Hearing aids, if you care for them correctly, can keep working for years. But they’re only useful if they still address your degree of hearing loss. As with prescription glasses, your hearing aids are calibrated to your particular hearing loss, which needs to be checked regularly. Here’s how long you can anticipate your hearing aids will last assuming they are programed and fitted properly.
Do Hearing Aids Expire?
There’s a shelf life for pretty any product. With the milk in your refrigerator, that shelf life might be several weeks. Several months to several years is the shelf life of canned goods. Even electronics have a shelf life, your brand new high-def TV will likely need to be swapped out some time in the next few years. So discovering that your hearing aids have a shelf life is most likely not very shocking.
In general, a set of hearing aids will last approximately 2-5 years, although with the technology emerging you may want to upgrade sooner. But the shelf life of your hearing aids will depend on several possible factors:
- Type: There are a couple of basic types of hearing aids: inside-the-ear and behind-the-ear. Five years or so will be the expected shelf life of inside-the-ear model hearing aids as a result of exposure to dirt, sweat, and debris of the ear canal. Behind-the-ear models normally last about 6-7 years (mainly because they’re able to stay drier and cleaner).
- Batteries: Most (but not all) hearing aids currently use rechargeable, internal batteries. The shelf life of your hearing aid is substantially influenced by the type of batteries they use.
- Construction: Nowadays, hearing aids are constructed from all kinds of materials, from metal to silicon to nano-coated plastics, and so on. Some wear-and-tear can be anticipated despite the fact that hearing aids are manufactured to be durable and ergonomic. In spite of premium construction, if you’re prone to dropping your hearing aids, their longevity will be impacted.
- Care: This should come as no surprise, but the better you take care of hearing aids, the longer they will last. Performing regular required upkeep and cleaning is essential. Time put into proper care will translate almost directly into increased operational time.
Normally, the standard usage of your hearing aid defines the exact shelf life. But neglecting to wear your hearing aids might also minimize their expected usefulness (leaving your hearing aids neglected on a shelf and unmaintained can also diminish the lifespan of your hearing aids).
Hearing aids should also be checked and professionally cleaned every now and then. This helps make certain they still fit correctly and don’t have a build-up of wax impeding their ability to function.
It’s a Smart Idea to Replace Your Hearing Aids Before They Wear Down
In the future there could come a time when the performance of your hearing aids starts to decline.
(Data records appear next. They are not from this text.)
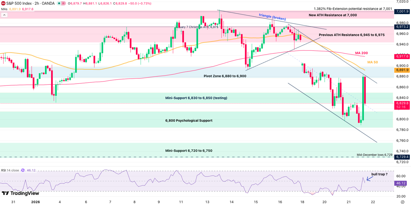 - Support 6,720 to 6,750 (Mid-December lows at 6,729)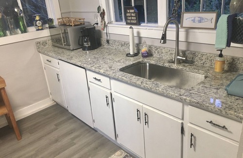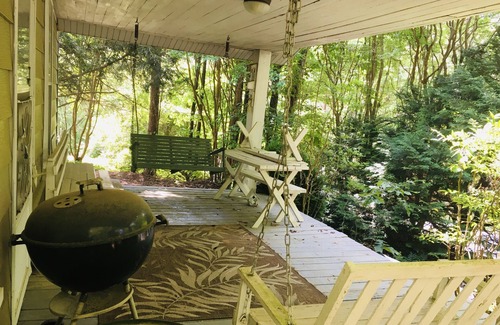 Peaceful farmhouse cottage features 2 king beds, 1 double, and a sleeper sofa. Kitchen has been remodeled with new granite countertops and all the basics you would need. WiFi, refrigerator, stove, microwave, toaster, washer, dryer, hair dryer, iron and ironing board, 65” smart tv w/Direct tv satellite, DVD player, radio, charcoal grill, fireplace, fire pit, huge porch w/ swings and picnic table.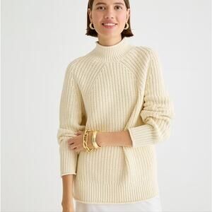 J. Crew Relaxed Rollneck Knit Chunky Ribbed Sweater - Size Small (S) - Linen Cream/Off-White - NWT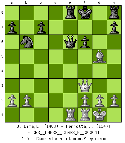 Last move : 1-0 2007 August 13 1:26:47 [Event "FICGS__CHESS__CLASS_F__000041"] [Site "FICGS"] [Date "2007.06.09"] [Round "1"] [White "B. Lima,Edmilson"] [Black "Perrotta,John Zach"] [Result "1-0"] [WhiteElo "1400"] [BlackElo "1347"] 1.d4 d5 2.c4 dxc4 3.e3 e5 4.Bxc4 exd4 5.exd4 Nf6 6.Nc3 Be7 7.Nf3 Bg4 8.Bxf7+ Kxf7 9.Ne5+ Kf8 10.Nxg4 Nbd7 11.Qf3 Nb6 12.Nxf6 Bxf6 13.Qxb7 Bxd4 14.O-O Qc8 15.Qf3+ Bf6 16.Bg5 Qe6 17.Ne4 Re8 18.Nxf6 gxf6 19.Rae1 1-0 Queen's gambit accepted Kingside Castling by player White (move 14) Player White won this chess game. Follow this game move after move (download)Chess is a part of culture and if a culture is declining then Chess too will decline. (Mikhail Botvinnik) Jeder Fehler erscheint unglaublich dumm, wenn andre ihn begehen. (Georg Christoph Lichtenberg) Un mal día en el Ajedrez, es mejor que cualquier buen día en el trabajo. (Anonymous) Les échecs sont utiles à l'exercice de la faculté de penser et à celle de l'imagination. Car nous devons posséder une méthode élaborée pour atteindre des buts partout où nous devons conduire notre raison. (Leibnitz) History is a gallery of pictures in which there are few originals and many copies. (Alexis de Tocqueville)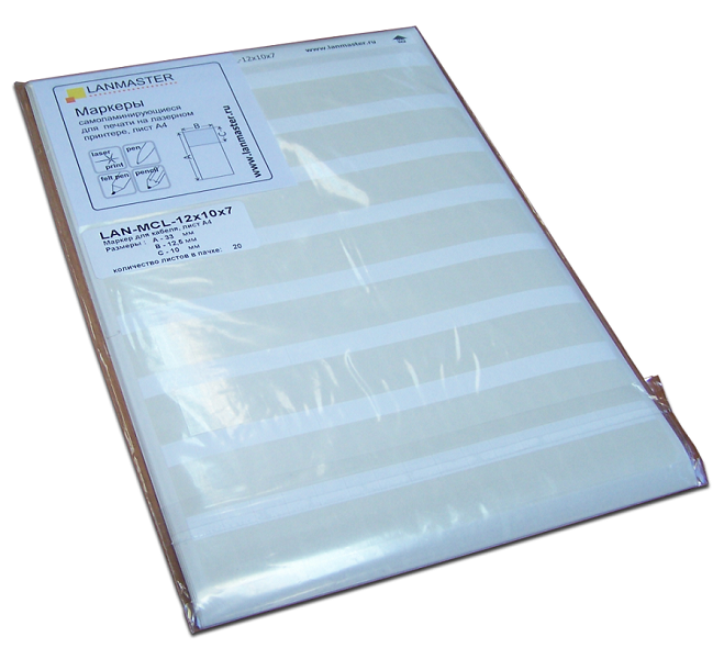 Маркеры приклеены на лист-подложку формата А4. Это удобное и экономичное решение для маркировки и идентификации кабелей, проводов и не только. Самоламинирование обеспечивает превосходную защиту печатной области маркера от истирания, а также от воды, химикатов, растворителей, масел и других загрязнителей. Применимы для приклеивания на бумагу, пленку, виниловые и резиновые оболочки кабелей, стекло, пластиковые трубы и пр. В качестве основы для самоламинирующегося маркера используется пленка из полиэстера с постоянным адгезивом и белым полем для надписи. Поставляется в виде пачки по 20 листов в каждой.

Then you will need to look for a new pair. But in some situations, you might find that a new pair will be worthwhile long before your hearing aids begin to show their age. Here are some of those situations:
- Technology changes: Hearing aids are becoming more useful in novel ways every year. It might be worth investing in a new hearing aid sooner than later if you feel like you would be significantly helped by some of these cutting edge technologies.
- Changes in lifestyle: You could, in many cases, have a specific lifestyle in mind when you purchase your hearing aids. But perhaps your circumstances change, maybe you’ve become more physically active and you need a set that are waterproof, more heavy-duty, or rechargeable.
- Changes in your hearing: You need to change your hearing aid scenario if the state of your hearing changes. Put simply, your hearing aids will no longer be adjusted to yield the best possible benefits. If you want an optimal level of hearing, new hearing aids may be required.
You can see why the plan for replacing your hearing aid is difficult to predict. Normally, that 2-5 year range is fairly accurate dependant upon these few variables.